Hey, kids. To quote Blazing Saddles, "How are things in the clean world?"
The pic (which I hate) is my second photo with Jim--he looks thrilled as hell to have his arm around a drunken, yapping me (and Gods, did he smell fabulous); the gent in the background is Pat Oates, the comic who brought Jim on. Very, very funny men.
I am HUNGOVER. Happy and fuckall hungover. Like the last time I saw Jim Jefferies perform, the experience was a mixed bag. The gig was FUCKING AWESOME, but the shit afterwards totally harshed my high.
However, I still had three awesome hours. And that's the important part.
Like the last time, the story will be told in two parts--the review (this post) and the aftermath (next post).
On with the review...
OK, let's start with the venue. You know I have a serious fan hardon for someone if I will subject myself not only to driving to Connecticut (the Asshole of the Northeast), but even more so that I was willing to go to a casino.

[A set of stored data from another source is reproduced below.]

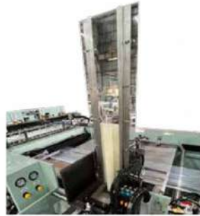
PLASTIC HANGER DEVICE
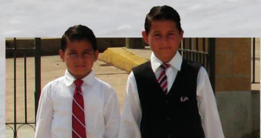
These brothers hope to live up to the names that their parents gave them. They want to be just like Mahonri and Helaman from the Book of Mormon.
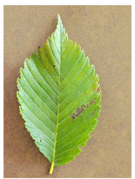
Views of elm zigzag sawfly damge on leaves.

Elm zigzag sawfly was first reported in North America in July of 2020 in Sainte-Martine Quebec, the pathway of introduction to North America as well as the amount of time it has been present is currently unknown. It was identified by citizen scientists on the application iNaturalist, and later confirmed by the Canadian Food Inspection Agency (CFIA). The EZS was first discovered in the US in 2021. It has since been spotted in five Eastern states, including North Carolina, Vermont, and Massachusetts.

I hate casinos. HATE them. Rick Riordan got it completely right in Percy Jackson & the Olympians with the casino scene (and more on that in post #2, In Which I Find It VERY VERY Difficult NOT to Strangle My Mother). For me, casinos are the embodiment of Hell. All those people, like zombies, playing the slots... *shudder*
BUT I DIGRESS!
Comix is a great room for the audience set up--liked it immediately. The staff is FABULOUS--really lovely, lovely people to deal with, helpful, pleasant and attentive, from the management, to the door staff to the waitstaff--our waitresses were a hoot (and complete with Jim Jefferies autograph tattoos. I thought about it. I really did, but I think I'll wait until I've lost another 100 lbs. & finished the firm-up on the body). VIP tix were worth the expense. Food was decent, too; coffee was passable, but then, I was drinking tequila.
Secondly, the openers... Awesome guys, very funny. Steve Lazarus (who has a book coming out about being a beer vendor at Yankee Stadium since the 70's, Gods bless him) was a hoot--told a classic joke about the Sox fan, the Mets fan and the Yankees fan that totally showed where the fans were from. I think the Sox fans showed best, but then... I'm biased.
Pat Oates... Jesus wept. AWESOME choice for the lead-in to Jim. Describing himself as the "extended leprechaun," Pat did an incredibly high energy set, giving the audience shit (including me--I got dubbed "Meatloaf," and rather than heckle, I let it roll and laughed along. More on that later), with great bits on road rage and Steelers fans. My companion for the evening, the Amazing Tess, is from Pittsburgh and totally loved it (and agreed completely). And I will TOTALLY disagree with the arse who yelled out "too soon!" about the Greg Giraldo story. It was a GREAT story, there was NO disrespect in it, and that's the end of it. Keep telling it, Pat. (Pretty please?)
I had a chance to talk to Pat after the show; the guy is a decent dude--just really supportive and pleasant. He made the point that once you've open miked, it's like chasing a heroin addiction (totally on the money); I also liked the fact that he was protective of both Steve Lazarus and Jim. It just goes in line with my philosophy that we're all in this together and need to watch each other's backs--love to see it in others. The old "neighborhood ethics" (doesn't hurt that Pat is another member of the tribe--a fellow American bogtrotter). We had a laugh over the Meatloaf bit (hey, with the way I was dressed--sporting a white shirt with a skeleton hand giving the finger--I set myself up). Besides, it wasn't cruel. He took enough shots at himself which is why I was cool to roll with the "Meatloaf" shit without heckling (aside from the fact that heckling is classless under 99% of the circumstances, and when I come up against the 1% when it's acceptable, I'll tell you. I've heckled ONCE, and it was completely unintentional, and the comic got a full apology afterwards--and I kept my mouth shut for the rest of the set because I was mortally embarrassed at being an asshole, even if unintentional). I can totally roll with a comic when it's all in good fun.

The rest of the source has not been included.